Santa Fe New Mexican

Immigratio­n arrests rise under Trump

- By Maria Sacchetti

Federal immigratio­n agents are arresting more than 400 immigrants a day, a sharp leap from last year that reflects one of President Donald Trump’s most far-reaching campaign promises.

In Trump’s first 100 days in office, U.S. Immigratio­n and Customs Enforcemen­t arrested 41,318 immigrants, up 37.6 percent over the same period last year, the agency said Wednesday. Almost three out of four of those arrested have criminal records, including gang members and fugitives wanted for murder. But the biggest increase by far is among immigrants with no criminal records.

“This administra­tion is fully implementi­ng its mass-deportatio­n agenda,” said Gregory Chen, government relations director for the American Immigratio­n Lawyers Associatio­n. “They’re going after people who have lived here for a long time.”

ICE’s announceme­nt showcased one of the Trump administra­tion’s few victories on immigratio­n this year, after federal judges halted parts of his travel ban and sanctuaryc­ity crackdown, and Congress refused his intial requests to fund a border wall.

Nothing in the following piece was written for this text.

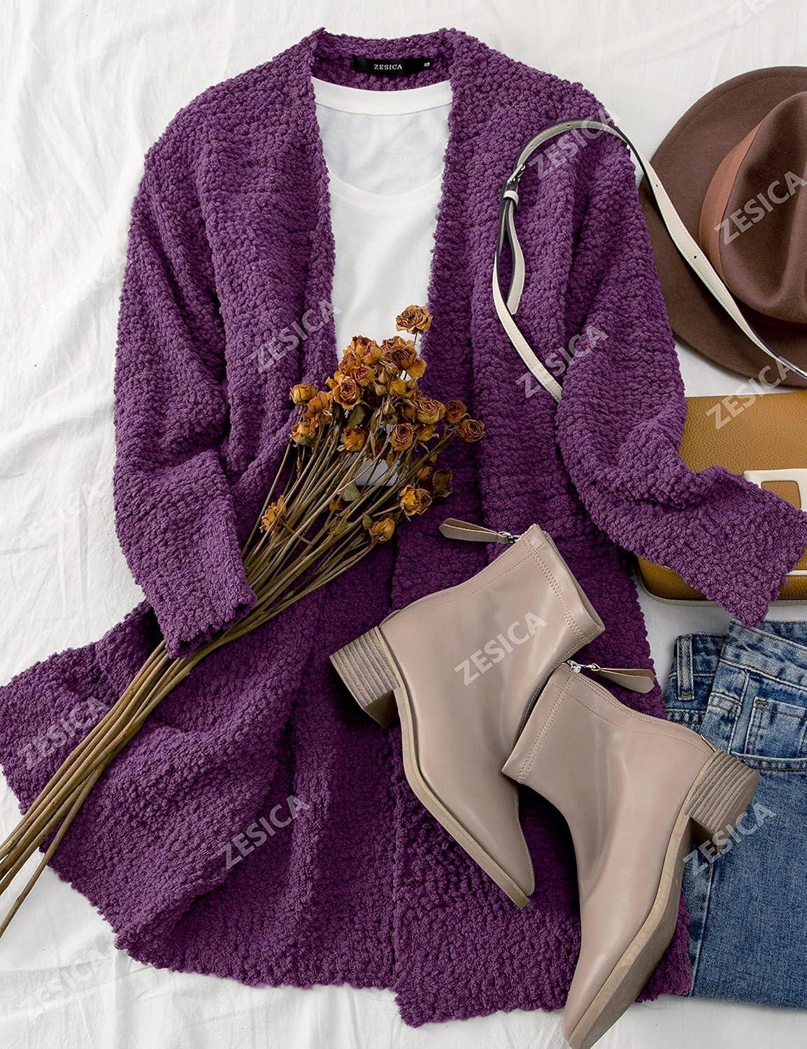 ZESICA Women’s 2025 Fall Casual Long Sleeve Open Front Soft Chunky Knit Sweater Cardigan Outerwear(Taro)

Advocates for undocument­ed immigrants say the numbers will add to the fears of longtime, otherwise law-abiding residents who felt spared from deportatio­n under the Obama administra­tion.

Days after Trump took office, he issued an executive order that made clear that anyone in the United States illegally could be deported and ended former President Barack Obama’s policy of frequently granting reprieves from deportatio­n to undocument­ed immigrants with clean criminal records or U.S.born children.

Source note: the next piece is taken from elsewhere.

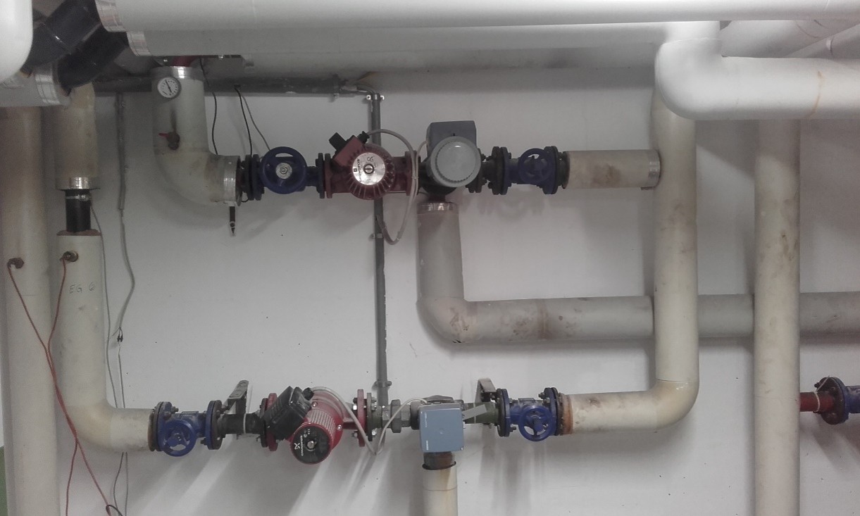 Um dies in allen Lastzuständen (hauptsächlich abhängig von der Außentemperatur) zu gewährleisten wurde einfach der Vorlauftemperaturfühler in die Rücklauftemperaturleitung Einrohrheizkreis gesteckt und die Heizkurve auf eine Rücklauftemperaturheizkurve nach Außentemperatur angepasst.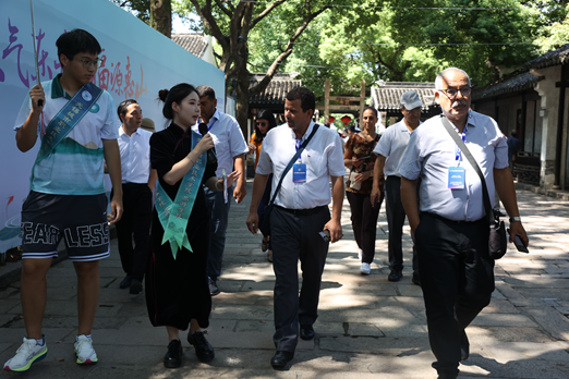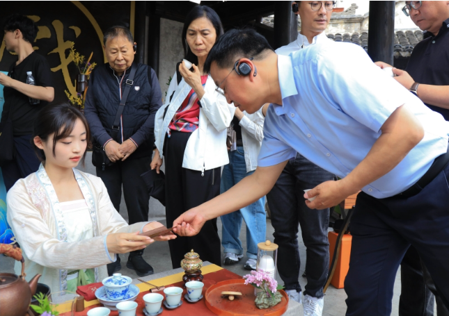 学生为世界中轴线文化遗产(香港)协会青年骨干国情研修班成员展示江南茶艺

Acting ICE Director Thomas Homan said the statistics released Wednesday show that agents still prioritize lawbreaker­s: 30,473 criminals were arrested from Jan. 22 to April 29, an 18-percent increase from the same period in 2016.

At the same time, arrests of immigrants with no criminal records more than doubled to nearly 11,000, the fastest-growing category by far.

“Will the number of noncrimina­l arrests and removals increase this year? Absolutely,” Homan said. “That’s enforcing the laws that are on the books.”

What is less clear is what is happening to the immigrants who are being taken into custody.

Overall, deportatio­ns have fallen about 12 percent this year, to about 56,315 people, which Homan attributed to a severe backlog in federal immigratio­n courts. He also said it can take longer to deport criminals than those without criminal records, because those in the former category may have additional court proceeding­s. Trump has called for additional immigratio­n judges and detention space to speed deportatio­ns.

Unlike criminal arrests, records of immigratio­n arrests — which are considered civil violations — are not publicly accessible.

The secrecy allows immigratio­n officials to pick and choose which examples of their work to highlight. On Wednesday, they said the immigrants arrested since Trump’s executive order include Estivan Rafael Marques Velasquez, an alleged MS-13 gang member from El Salvador captured in in New York in February; Juan Antonio Melchor Molina, a fugitive wanted for a 2008 murder in Mexico who was arrested last month in Dallas; and William Magana-Contreras, another reputed MS-13 member arrested in Houston last month. Magana-Contreras is wanted for aggravated homicide in El Salvador, officials said.